Moreover, merely claiming exemption from the capital gain tax by disclosing the transaction which is subject matter of the capital gain tax does not attract the penalty u/s 271(1)(c) of the Act.
So, filing an incorrect claim would not amount to furnishing of inaccurate particulars of income when the entire transaction of purchase and sale of land has been brought on record by the assessee. Hon’ble Supreme Court in case cited as CIT vs. Reliance Petro Products Pvt. Ltd. – 322 ITR 158 (SC) decided the identical issue by returning following findings :-
“A glance at the provisions of section 271(1)(c) of the I.T. Act, 1961 suggests that in order to be covered by it, there has to be concealment of the particulars of the income of the assessee. Secondly, the assessee must have furnished inaccurate particulars of his income. The meaning of the word “particulars” used in section 271(1)(c) would embrace the detail of the claim made. Where no information given in the return is found to be incorrect or inaccurate, the assessee cannot be held guilty of furnishing inaccurate particulars. In order to expose the assessee to penalty, unless the case is strictly covered by the provision, the penalty provision cannot be invoked. By no stretch of imagination can making an incorrect claim tantamount to furnishing inaccurate particulars. There can be no dispute that everything would depend upon the return filed by the assessee, because that is the only document where the assessee can furnish the particulars of his income. When such particulars are found to be inaccurate, the liability would arise. To attract penalty, the details supplied in the return must not be accurate, not exact or correct, not according to the truth or erroneous.
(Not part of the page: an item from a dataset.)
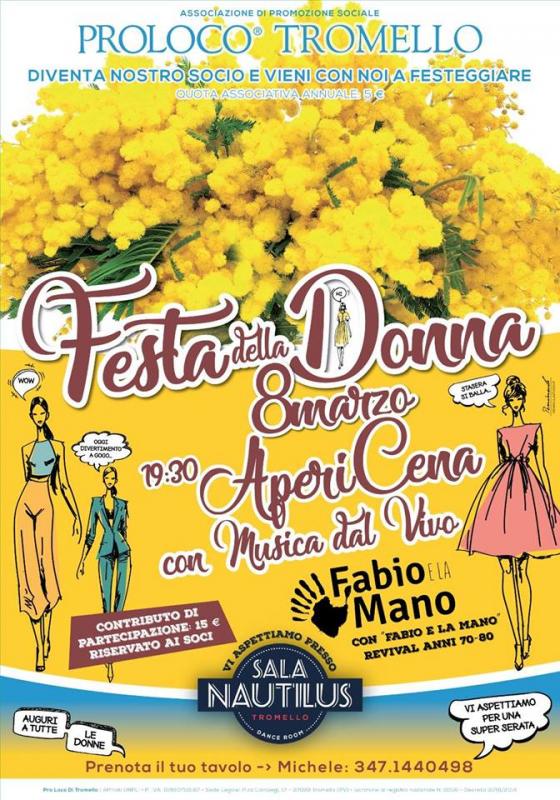 L'8 marzo la Pro Loco di Tromello propone un apericena per la Festa della Donna, con un ricchissimo buffet presso la sala Nautilus dalle ore 19,30.

Where there is no finding that any details supplied by the assessee in its return are found to be incorrect or erroneous or false there is no question of inviting the penalty under section 271(1)(c). A mere making of a claim, which is not sustainable in law, by itself, will not amount to furnishing inaccurate particulars regarding the income of the assessee. Such a claim made in the return cannot amount to furnishing inaccurate particulars.”
In view of what has been discussed above, the case law relied upon by the ld. DR for the Revenue i.e. Mak Data (P.) Ltd. (supra) is not applicable to the facts and circumstances of the case because in that case numerous queries have been raised by the AO during assessment proceedings and during assessment proceedings, the assessee has filed inaccurate particulars of income. But in the instant case, before the issuance of notice u/s 143 (2), assessee in order to rectify his mistake filed revised return with explanation that instead of claiming half of the cost of the land in question he has claimed full cost of the land due to inadvertence and oversight which appears to be a bonafide mistake and as such, penalty proceedings u/s 271(1)(c) of the Act are not attracted.
In view of what has been discussed above, we are of the considered view that penalty levied by the AO and confirmed by ld. CIT (A) is not sustainable in the eyes of law, hence ordered to be deleted. Consequently, appeal filed by the assessee is allowed. Order pronounced in open court on this 16th day of January, 2019.